[EXERCISE INSTRUCTIONS] Your output should be the lines below from the one with "鄭州市建設投資集團有限公司不承擔地方政府舉債融資職能的公告" through the one with "7. Point of Sale >> Dashboard >> Settings", copied exactly, pictures excluded.

[ENTRIES PROVIDED]
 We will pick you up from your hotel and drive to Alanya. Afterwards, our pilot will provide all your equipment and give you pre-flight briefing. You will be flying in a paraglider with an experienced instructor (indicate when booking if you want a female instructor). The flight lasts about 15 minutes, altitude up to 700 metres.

* * *

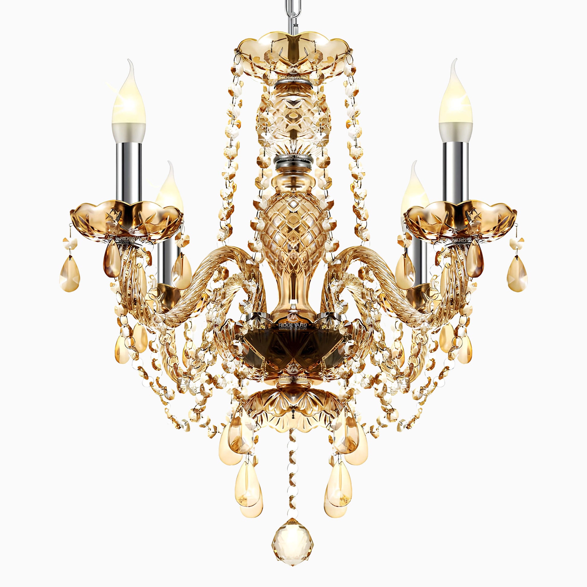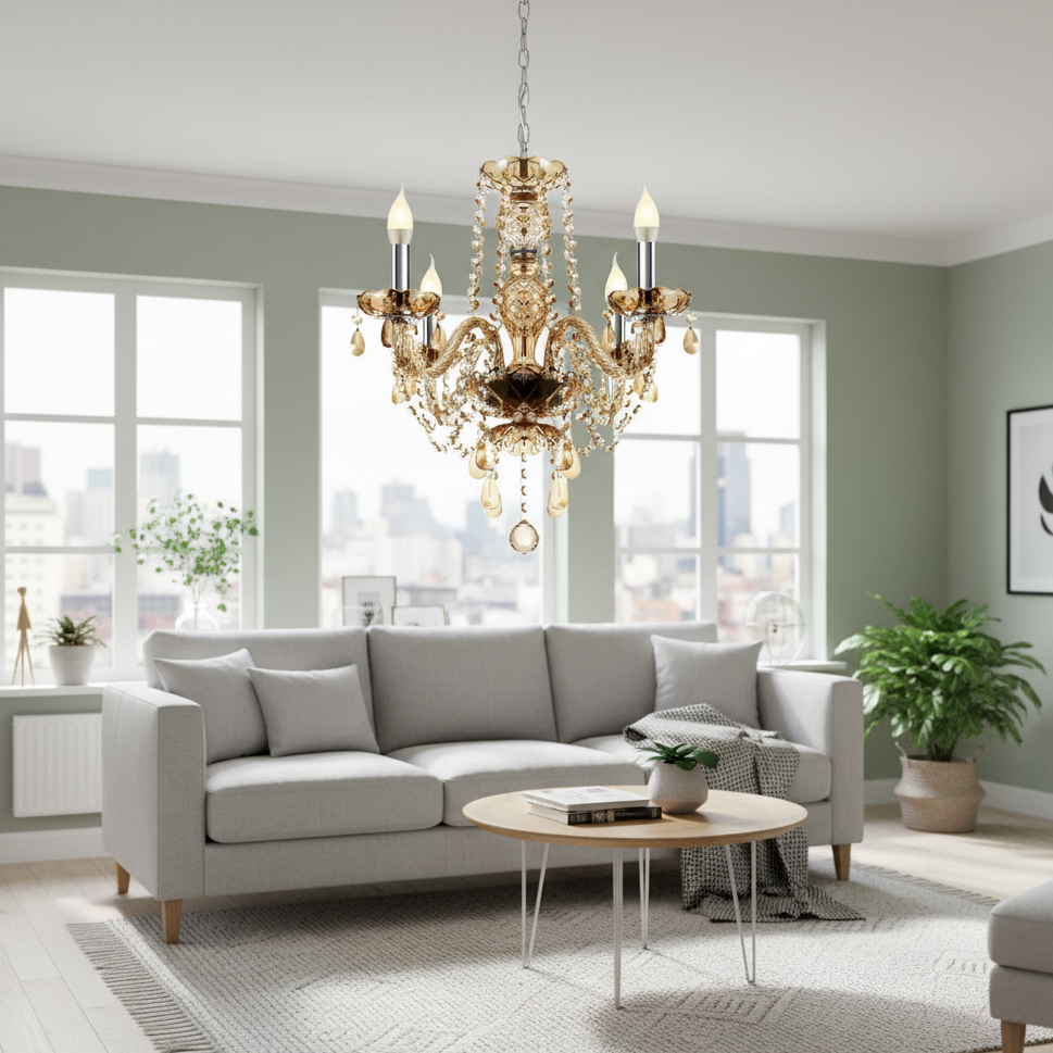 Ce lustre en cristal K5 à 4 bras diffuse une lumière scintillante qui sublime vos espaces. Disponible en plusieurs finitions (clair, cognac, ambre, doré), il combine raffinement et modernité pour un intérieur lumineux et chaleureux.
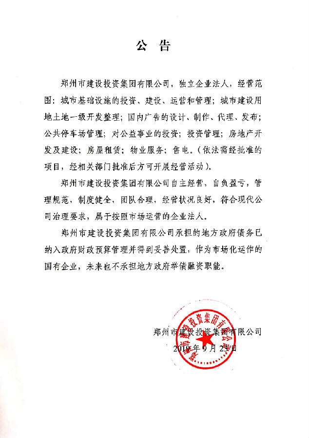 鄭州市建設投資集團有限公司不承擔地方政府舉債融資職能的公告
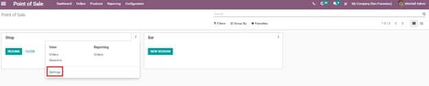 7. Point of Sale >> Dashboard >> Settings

[TASK ANSWER]
 鄭州市建設投資集團有限公司不承擔地方政府舉債融資職能的公告
 7. Point of Sale >> Dashboard >> Settings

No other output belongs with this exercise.